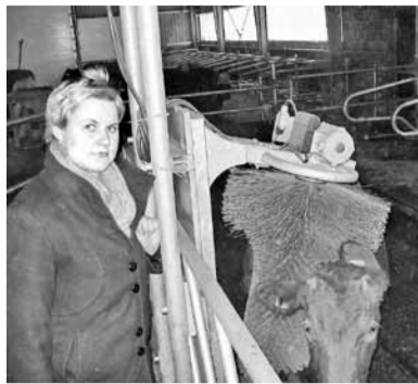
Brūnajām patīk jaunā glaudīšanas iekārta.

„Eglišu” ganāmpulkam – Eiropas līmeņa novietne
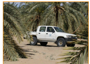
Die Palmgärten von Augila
****
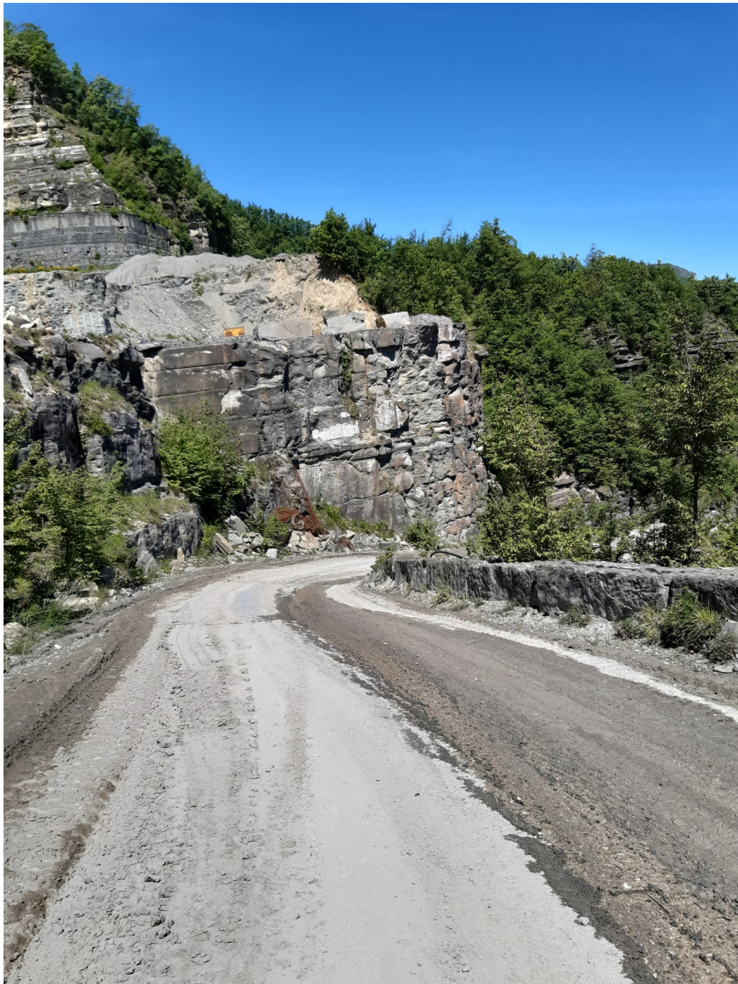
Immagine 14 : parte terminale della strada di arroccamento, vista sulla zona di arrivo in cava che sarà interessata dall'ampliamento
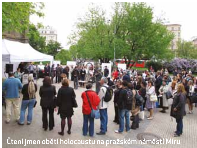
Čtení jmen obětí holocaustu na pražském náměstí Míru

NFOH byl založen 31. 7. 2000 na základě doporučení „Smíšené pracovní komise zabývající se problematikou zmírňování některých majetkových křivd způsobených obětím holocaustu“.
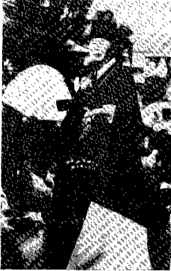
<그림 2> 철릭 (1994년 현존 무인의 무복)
****
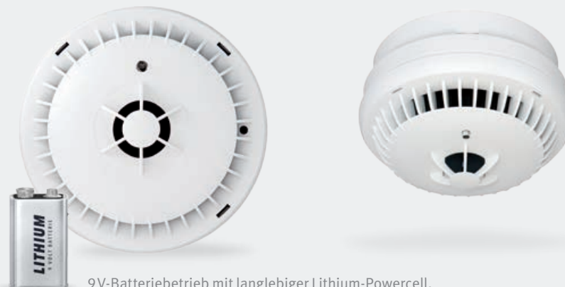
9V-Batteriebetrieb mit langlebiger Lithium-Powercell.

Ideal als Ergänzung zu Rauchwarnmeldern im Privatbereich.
****
When "holocaustu" shows up in a line of the material, report that line.

Čtení jmen obětí holocaustu na pražském náměstí Míru
NFOH byl založen 31. 7. 2000 na základě doporučení „Smíšené pracovní komise zabývající se problematikou zmírňování některých majetkových křivd způsobených obětím holocaustu“.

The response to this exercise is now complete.